··· Information shown
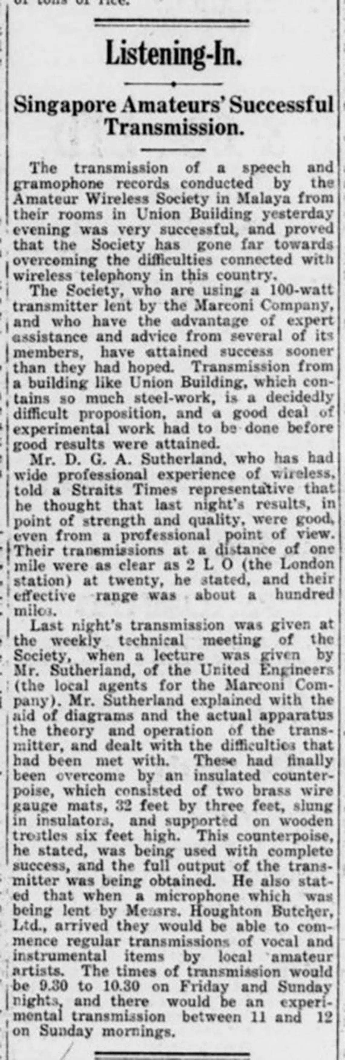 An article on Page 9 on May 7, 1925, about the Amateur Wireless Society of Malaya, an interest group comprising mostly European expatriates, successfully transmitting a speech and sounds from a gramophone from their rooms at the Union Building in Collyer Quay.
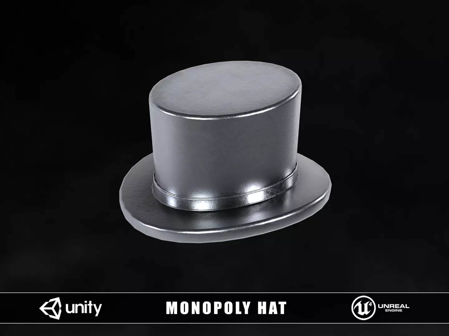 Monopoly Hat 3D model. This model comes with the Monopoly Piece and 1 texture set. Modeled in Maya and textured with Substance Painter and Photoshop. The model is built to scale and is UV unwrapped with 4k textures. Includes 3D model and textures!
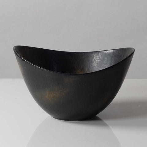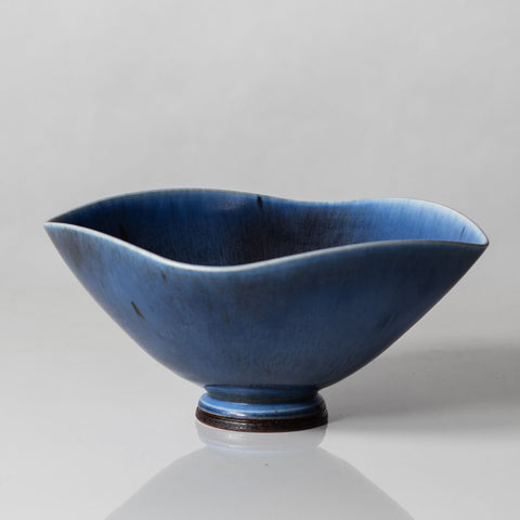 Gunnar Nylund for Rörstrand, Sweden, ceramic elliptical bowl with blue glaze L3378
······
> _The problem_
Retype the whole listing word for word. Skip the pictures.

> _Completed exercise_
 An article on Page 9 on May 7, 1925, about the Amateur Wireless Society of Malaya, an interest group comprising mostly European expatriates, successfully transmitting a speech and sounds from a gramophone from their rooms at the Union Building in Collyer Quay.
 Monopoly Hat 3D model. This model comes with the Monopoly Piece and 1 texture set. Modeled in Maya and textured with Substance Painter and Photoshop. The model is built to scale and is UV unwrapped with 4k textures. Includes 3D model and textures!
 Gunnar Nylund for Rörstrand, Sweden, ceramic elliptical bowl with blue glaze L3378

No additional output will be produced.